### DIRECTIONS
In the listing that follows, find the line with "1683 Henry de", then copy exactly from it through the line with "This package provides", leaving out every picture.

───── SOURCE RECORDS

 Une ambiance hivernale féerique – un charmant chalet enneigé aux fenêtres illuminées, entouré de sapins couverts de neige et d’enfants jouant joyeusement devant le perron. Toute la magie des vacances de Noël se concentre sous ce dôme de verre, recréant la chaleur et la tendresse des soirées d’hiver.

──────────
───── SOURCE RECORDS

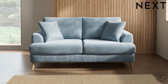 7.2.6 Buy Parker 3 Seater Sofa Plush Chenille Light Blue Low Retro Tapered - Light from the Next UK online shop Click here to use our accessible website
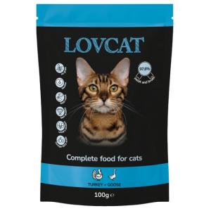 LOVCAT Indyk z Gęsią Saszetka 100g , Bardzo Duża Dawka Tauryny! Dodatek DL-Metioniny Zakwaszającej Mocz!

──────────
───── SOURCE RECORDS

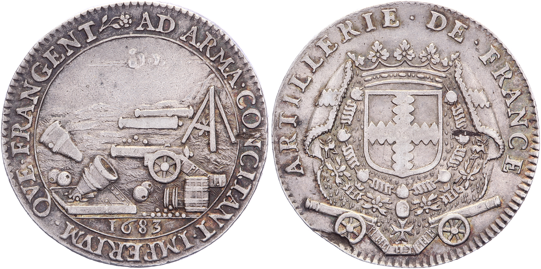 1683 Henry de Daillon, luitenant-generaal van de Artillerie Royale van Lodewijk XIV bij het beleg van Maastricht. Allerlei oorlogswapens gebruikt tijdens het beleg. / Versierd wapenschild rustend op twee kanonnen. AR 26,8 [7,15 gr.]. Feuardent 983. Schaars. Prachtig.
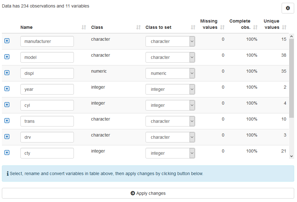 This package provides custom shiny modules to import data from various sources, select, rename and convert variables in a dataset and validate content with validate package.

──────────

### EXERCISE OUTPUT
 1683 Henry de Daillon, luitenant-generaal van de Artillerie Royale van Lodewijk XIV bij het beleg van Maastricht. Allerlei oorlogswapens gebruikt tijdens het beleg. / Versierd wapenschild rustend op twee kanonnen. AR 26,8 [7,15 gr.]. Feuardent 983. Schaars. Prachtig.
 This package provides custom shiny modules to import data from various sources, select, rename and convert variables in a dataset and validate content with validate package.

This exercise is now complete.